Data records
• • • •
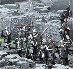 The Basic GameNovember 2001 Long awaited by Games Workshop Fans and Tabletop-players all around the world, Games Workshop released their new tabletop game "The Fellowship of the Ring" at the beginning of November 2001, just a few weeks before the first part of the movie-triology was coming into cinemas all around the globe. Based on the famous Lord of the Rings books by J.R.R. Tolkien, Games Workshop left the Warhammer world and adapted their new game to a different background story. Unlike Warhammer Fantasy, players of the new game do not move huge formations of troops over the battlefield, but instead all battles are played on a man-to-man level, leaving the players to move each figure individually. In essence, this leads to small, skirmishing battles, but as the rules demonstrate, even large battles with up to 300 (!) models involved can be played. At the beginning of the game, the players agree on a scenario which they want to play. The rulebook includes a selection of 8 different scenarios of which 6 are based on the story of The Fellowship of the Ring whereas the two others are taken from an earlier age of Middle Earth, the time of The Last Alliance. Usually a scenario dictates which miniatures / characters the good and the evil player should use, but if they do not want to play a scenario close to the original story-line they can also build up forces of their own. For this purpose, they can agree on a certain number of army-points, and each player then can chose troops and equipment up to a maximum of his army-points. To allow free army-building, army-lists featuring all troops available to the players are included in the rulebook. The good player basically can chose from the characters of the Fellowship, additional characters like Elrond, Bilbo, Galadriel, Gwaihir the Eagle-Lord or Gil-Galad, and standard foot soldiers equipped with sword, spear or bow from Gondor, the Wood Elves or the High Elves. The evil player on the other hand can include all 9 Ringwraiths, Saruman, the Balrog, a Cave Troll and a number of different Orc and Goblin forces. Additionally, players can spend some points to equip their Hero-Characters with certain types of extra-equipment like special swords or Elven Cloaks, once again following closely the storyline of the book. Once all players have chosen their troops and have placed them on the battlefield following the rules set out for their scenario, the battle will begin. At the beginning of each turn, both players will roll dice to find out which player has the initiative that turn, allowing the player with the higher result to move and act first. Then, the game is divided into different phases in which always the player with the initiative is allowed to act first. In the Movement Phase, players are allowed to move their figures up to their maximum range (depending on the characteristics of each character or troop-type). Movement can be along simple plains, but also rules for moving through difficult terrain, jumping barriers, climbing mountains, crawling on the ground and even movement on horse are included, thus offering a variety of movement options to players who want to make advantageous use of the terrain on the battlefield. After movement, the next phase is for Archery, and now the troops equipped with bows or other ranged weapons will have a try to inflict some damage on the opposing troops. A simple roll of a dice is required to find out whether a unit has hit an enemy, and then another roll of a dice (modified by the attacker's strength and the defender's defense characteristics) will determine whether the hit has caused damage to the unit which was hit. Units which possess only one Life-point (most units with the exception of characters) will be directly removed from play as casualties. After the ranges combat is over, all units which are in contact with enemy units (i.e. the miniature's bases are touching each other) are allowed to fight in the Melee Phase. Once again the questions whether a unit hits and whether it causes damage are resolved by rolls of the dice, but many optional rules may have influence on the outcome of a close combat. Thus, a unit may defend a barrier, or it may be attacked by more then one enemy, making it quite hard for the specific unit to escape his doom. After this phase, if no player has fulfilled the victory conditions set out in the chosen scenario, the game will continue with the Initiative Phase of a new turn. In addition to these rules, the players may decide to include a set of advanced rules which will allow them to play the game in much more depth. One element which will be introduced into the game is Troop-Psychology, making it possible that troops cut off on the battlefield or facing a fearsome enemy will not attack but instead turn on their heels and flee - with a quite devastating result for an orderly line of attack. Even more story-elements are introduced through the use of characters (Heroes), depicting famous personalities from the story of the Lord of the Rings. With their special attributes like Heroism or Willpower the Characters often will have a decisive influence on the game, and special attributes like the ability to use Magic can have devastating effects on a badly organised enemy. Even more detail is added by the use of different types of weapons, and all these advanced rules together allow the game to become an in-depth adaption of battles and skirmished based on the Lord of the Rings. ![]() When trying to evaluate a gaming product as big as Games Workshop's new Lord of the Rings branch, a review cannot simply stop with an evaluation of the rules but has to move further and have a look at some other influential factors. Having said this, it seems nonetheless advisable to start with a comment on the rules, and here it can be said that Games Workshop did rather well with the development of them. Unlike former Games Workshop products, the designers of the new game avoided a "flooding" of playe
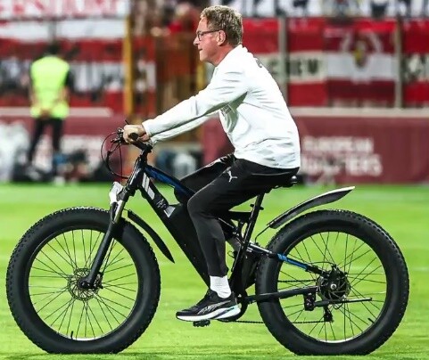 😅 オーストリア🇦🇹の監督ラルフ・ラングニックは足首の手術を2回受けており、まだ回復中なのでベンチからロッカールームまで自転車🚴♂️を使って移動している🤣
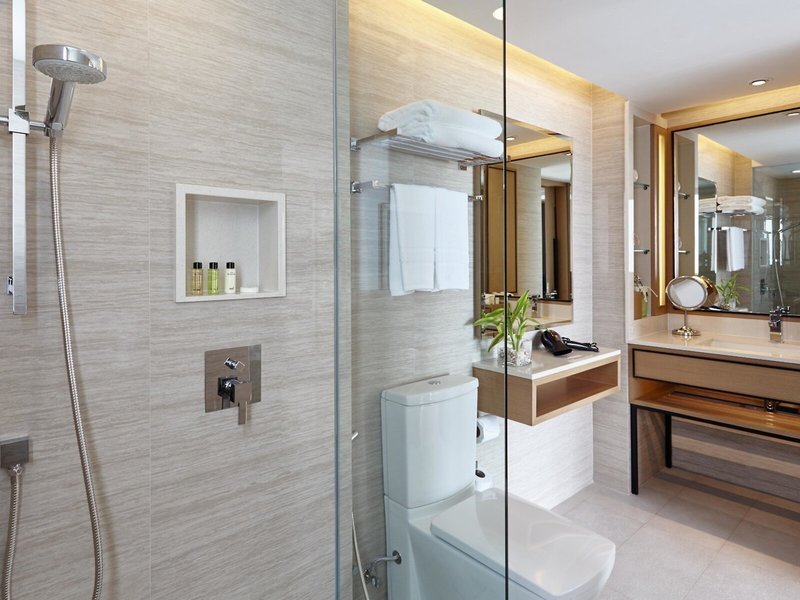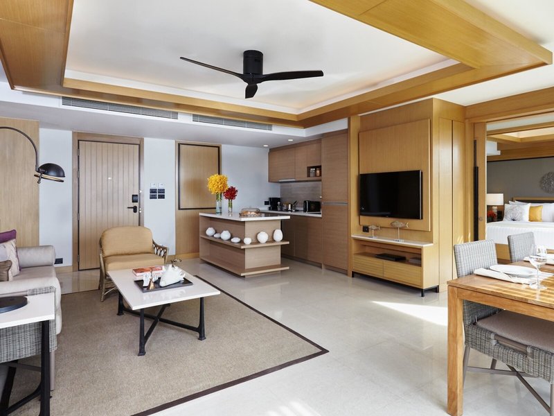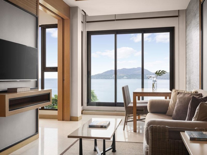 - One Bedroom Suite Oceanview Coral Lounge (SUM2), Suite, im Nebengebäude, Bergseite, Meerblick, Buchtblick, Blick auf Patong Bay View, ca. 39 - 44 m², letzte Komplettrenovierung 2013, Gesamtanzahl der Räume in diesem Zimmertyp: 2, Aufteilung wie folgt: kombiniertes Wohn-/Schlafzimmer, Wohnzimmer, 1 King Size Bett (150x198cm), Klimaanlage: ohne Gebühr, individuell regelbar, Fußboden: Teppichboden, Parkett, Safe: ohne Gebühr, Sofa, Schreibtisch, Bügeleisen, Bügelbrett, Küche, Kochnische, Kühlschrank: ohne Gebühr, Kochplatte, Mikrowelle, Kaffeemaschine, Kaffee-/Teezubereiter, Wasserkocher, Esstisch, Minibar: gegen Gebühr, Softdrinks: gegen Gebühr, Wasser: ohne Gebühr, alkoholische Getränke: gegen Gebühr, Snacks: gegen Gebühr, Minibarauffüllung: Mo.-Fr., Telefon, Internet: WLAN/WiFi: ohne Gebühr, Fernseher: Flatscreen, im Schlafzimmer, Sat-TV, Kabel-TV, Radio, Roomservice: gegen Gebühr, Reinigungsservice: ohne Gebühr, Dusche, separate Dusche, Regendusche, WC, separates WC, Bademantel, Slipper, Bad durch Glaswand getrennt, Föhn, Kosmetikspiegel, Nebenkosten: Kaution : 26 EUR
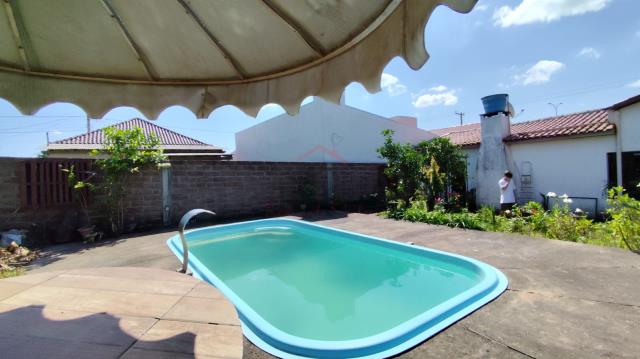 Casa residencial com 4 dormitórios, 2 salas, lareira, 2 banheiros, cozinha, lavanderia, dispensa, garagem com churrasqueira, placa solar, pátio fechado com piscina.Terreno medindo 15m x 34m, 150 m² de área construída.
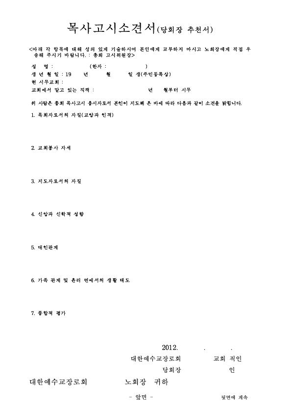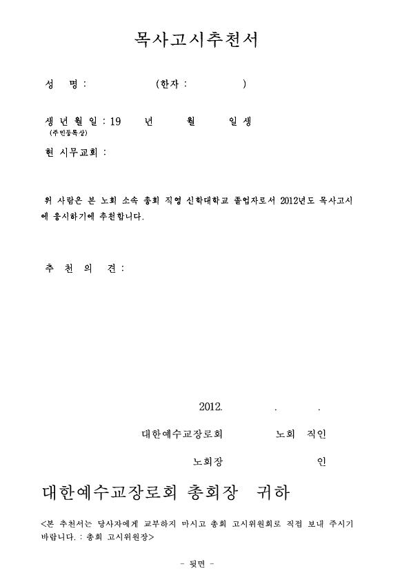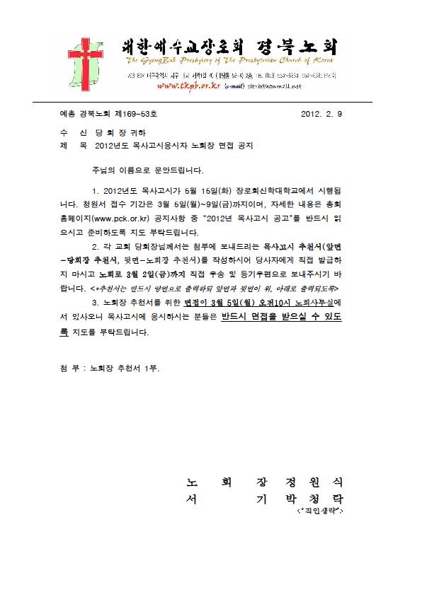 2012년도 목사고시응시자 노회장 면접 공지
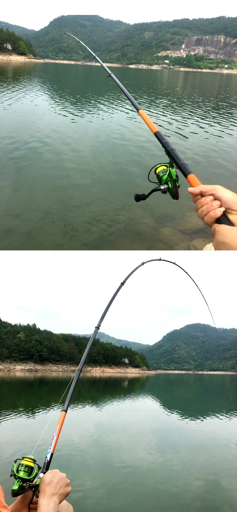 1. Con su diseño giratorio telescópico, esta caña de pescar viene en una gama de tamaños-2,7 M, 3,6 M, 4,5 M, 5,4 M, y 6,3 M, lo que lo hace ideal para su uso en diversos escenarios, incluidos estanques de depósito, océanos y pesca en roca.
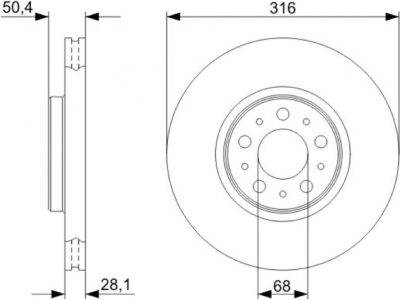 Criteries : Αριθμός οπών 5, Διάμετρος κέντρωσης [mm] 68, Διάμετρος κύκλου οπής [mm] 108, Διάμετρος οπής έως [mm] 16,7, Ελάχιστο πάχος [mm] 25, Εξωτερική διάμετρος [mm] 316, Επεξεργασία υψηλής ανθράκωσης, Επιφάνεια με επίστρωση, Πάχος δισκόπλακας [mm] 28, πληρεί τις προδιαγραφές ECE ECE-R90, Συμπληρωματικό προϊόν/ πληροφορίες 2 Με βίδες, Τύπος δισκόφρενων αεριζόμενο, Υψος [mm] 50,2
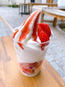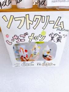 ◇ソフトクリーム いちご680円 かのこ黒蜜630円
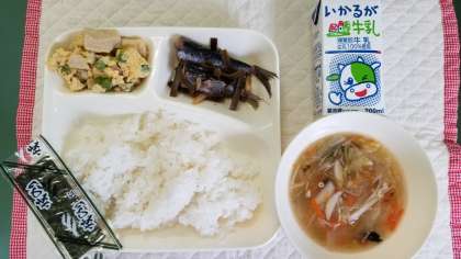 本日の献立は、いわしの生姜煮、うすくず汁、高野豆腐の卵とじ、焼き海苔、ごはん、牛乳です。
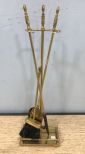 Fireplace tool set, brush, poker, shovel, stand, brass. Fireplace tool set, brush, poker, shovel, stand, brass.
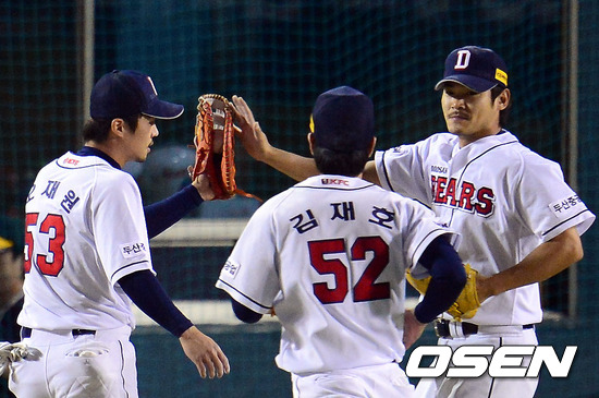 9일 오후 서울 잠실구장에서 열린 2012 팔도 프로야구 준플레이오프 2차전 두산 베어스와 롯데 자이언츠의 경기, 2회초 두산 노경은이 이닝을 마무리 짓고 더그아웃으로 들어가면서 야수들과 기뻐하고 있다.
• • • •
Now write out the data word for word, skipping every picture in it.

 The Basic GameNovember 2001 Long awaited by Games Workshop Fans and Tabletop-players all around the world, Games Workshop released their new tabletop game "The Fellowship of the Ring" at the beginning of November 2001, just a few weeks before the first part of the movie-triology was coming into cinemas all around the globe. Based on the famous Lord of the Rings books by J.R.R. Tolkien, Games Workshop left the Warhammer world and adapted their new game to a different background story. Unlike Warhammer Fantasy, players of the new game do not move huge formations of troops over the battlefield, but instead all battles are played on a man-to-man level, leaving the players to move each figure individually. In essence, this leads to small, skirmishing battles, but as the rules demonstrate, even large battles with up to 300 (!) models involved can be played. At the beginning of the game, the players agree on a scenario which they want to play. The rulebook includes a selection of 8 different scenarios of which 6 are based on the story of The Fellowship of the Ring whereas the two others are taken from an earlier age of Middle Earth, the time of The Last Alliance. Usually a scenario dictates which miniatures / characters the good and the evil player should use, but if they do not want to play a scenario close to the original story-line they can also build up forces of their own. For this purpose, they can agree on a certain number of army-points, and each player then can chose troops and equipment up to a maximum of his army-points. To allow free army-building, army-lists featuring all troops available to the players are included in the rulebook. The good player basically can chose from the characters of the Fellowship, additional characters like Elrond, Bilbo, Galadriel, Gwaihir the Eagle-Lord or Gil-Galad, and standard foot soldiers equipped with sword, spear or bow from Gondor, the Wood Elves or the High Elves. The evil player on the other hand can include all 9 Ringwraiths, Saruman, the Balrog, a Cave Troll and a number of different Orc and Goblin forces. Additionally, players can spend some points to equip their Hero-Characters with certain types of extra-equipment like special swords or Elven Cloaks, once again following closely the storyline of the book. Once all players have chosen their troops and have placed them on the battlefield following the rules set out for their scenario, the battle will begin. At the beginning of each turn, both players will roll dice to find out which player has the initiative that turn, allowing the player with the higher result to move and act first. Then, the game is divided into different phases in which always the player with the initiative is allowed to act first. In the Movement Phase, players are allowed to move their figures up to their maximum range (depending on the characteristics of each character or troop-type). Movement can be along simple plains, but also rules for moving through difficult terrain, jumping barriers, climbing mountains, crawling on the ground and even movement on horse are included, thus offering a variety of movement options to players who want to make advantageous use of the terrain on the battlefield. After movement, the next phase is for Archery, and now the troops equipped with bows or other ranged weapons will have a try to inflict some damage on the opposing troops. A simple roll of a dice is required to find out whether a unit has hit an enemy, and then another roll of a dice (modified by the attacker's strength and the defender's defense characteristics) will determine whether the hit has caused damage to the unit which was hit. Units which possess only one Life-point (most units with the exception of characters) will be directly removed from play as casualties. After the ranges combat is over, all units which are in contact with enemy units (i.e. the miniature's bases are touching each other) are allowed to fight in the Melee Phase. Once again the questions whether a unit hits and whether it causes damage are resolved by rolls of the dice, but many optional rules may have influence on the outcome of a close combat. Thus, a unit may defend a barrier, or it may be attacked by more then one enemy, making it quite hard for the specific unit to escape his doom. After this phase, if no player has fulfilled the victory conditions set out in the chosen scenario, the game will continue with the Initiative Phase of a new turn. In addition to these rules, the players may decide to include a set of advanced rules which will allow them to play the game in much more depth. One element which will be introduced into the game is Troop-Psychology, making it possible that troops cut off on the battlefield or facing a fearsome enemy will not attack but instead turn on their heels and flee - with a quite devastating result for an orderly line of attack. Even more story-elements are introduced through the use of characters (Heroes), depicting famous personalities from the story of the Lord of the Rings. With their special attributes like Heroism or Willpower the Characters often will have a decisive influence on the game, and special attributes like the ability to use Magic can have devastating effects on a badly organised enemy. Even more detail is added by the use of different types of weapons, and all these advanced rules together allow the game to become an in-depth adaption of battles and skirmished based on the Lord of the Rings. ![]() When trying to evaluate a gaming product as big as Games Workshop's new Lord of the Rings branch, a review cannot simply stop with an evaluation of the rules but has to move further and have a look at some other influential factors. Having said this, it seems nonetheless advisable to start with a comment on the rules, and here it can be said that Games Workshop did rather well with the development of them. Unlike former Games Workshop products, the designers of the new game avoided a "flooding" of playe
 😅 オーストリア🇦🇹の監督ラルフ・ラングニックは足首の手術を2回受けており、まだ回復中なのでベンチからロッカールームまで自転車🚴♂️を使って移動している🤣
 - One Bedroom Suite Oceanview Coral Lounge (SUM2), Suite, im Nebengebäude, Bergseite, Meerblick, Buchtblick, Blick auf Patong Bay View, ca. 39 - 44 m², letzte Komplettrenovierung 2013, Gesamtanzahl der Räume in diesem Zimmertyp: 2, Aufteilung wie folgt: kombiniertes Wohn-/Schlafzimmer, Wohnzimmer, 1 King Size Bett (150x198cm), Klimaanlage: ohne Gebühr, individuell regelbar, Fußboden: Teppichboden, Parkett, Safe: ohne Gebühr, Sofa, Schreibtisch, Bügeleisen, Bügelbrett, Küche, Kochnische, Kühlschrank: ohne Gebühr, Kochplatte, Mikrowelle, Kaffeemaschine, Kaffee-/Teezubereiter, Wasserkocher, Esstisch, Minibar: gegen Gebühr, Softdrinks: gegen Gebühr, Wasser: ohne Gebühr, alkoholische Getränke: gegen Gebühr, Snacks: gegen Gebühr, Minibarauffüllung: Mo.-Fr., Telefon, Internet: WLAN/WiFi: ohne Gebühr, Fernseher: Flatscreen, im Schlafzimmer, Sat-TV, Kabel-TV, Radio, Roomservice: gegen Gebühr, Reinigungsservice: ohne Gebühr, Dusche, separate Dusche, Regendusche, WC, separates WC, Bademantel, Slipper, Bad durch Glaswand getrennt, Föhn, Kosmetikspiegel, Nebenkosten: Kaution : 26 EUR
 Casa residencial com 4 dormitórios, 2 salas, lareira, 2 banheiros, cozinha, lavanderia, dispensa, garagem com churrasqueira, placa solar, pátio fechado com piscina.Terreno medindo 15m x 34m, 150 m² de área construída.
 2012년도 목사고시응시자 노회장 면접 공지
 1. Con su diseño giratorio telescópico, esta caña de pescar viene en una gama de tamaños-2,7 M, 3,6 M, 4,5 M, 5,4 M, y 6,3 M, lo que lo hace ideal para su uso en diversos escenarios, incluidos estanques de depósito, océanos y pesca en roca.
 Criteries : Αριθμός οπών 5, Διάμετρος κέντρωσης [mm] 68, Διάμετρος κύκλου οπής [mm] 108, Διάμετρος οπής έως [mm] 16,7, Ελάχιστο πάχος [mm] 25, Εξωτερική διάμετρος [mm] 316, Επεξεργασία υψηλής ανθράκωσης, Επιφάνεια με επίστρωση, Πάχος δισκόπλακας [mm] 28, πληρεί τις προδιαγραφές ECE ECE-R90, Συμπληρωματικό προϊόν/ πληροφορίες 2 Με βίδες, Τύπος δισκόφρενων αεριζόμενο, Υψος [mm] 50,2
 ◇ソフトクリーム いちご680円 かのこ黒蜜630円
 本日の献立は、いわしの生姜煮、うすくず汁、高野豆腐の卵とじ、焼き海苔、ごはん、牛乳です。
 Fireplace tool set, brush, poker, shovel, stand, brass. Fireplace tool set, brush, poker, shovel, stand, brass.
 9일 오후 서울 잠실구장에서 열린 2012 팔도 프로야구 준플레이오프 2차전 두산 베어스와 롯데 자이언츠의 경기, 2회초 두산 노경은이 이닝을 마무리 짓고 더그아웃으로 들어가면서 야수들과 기뻐하고 있다.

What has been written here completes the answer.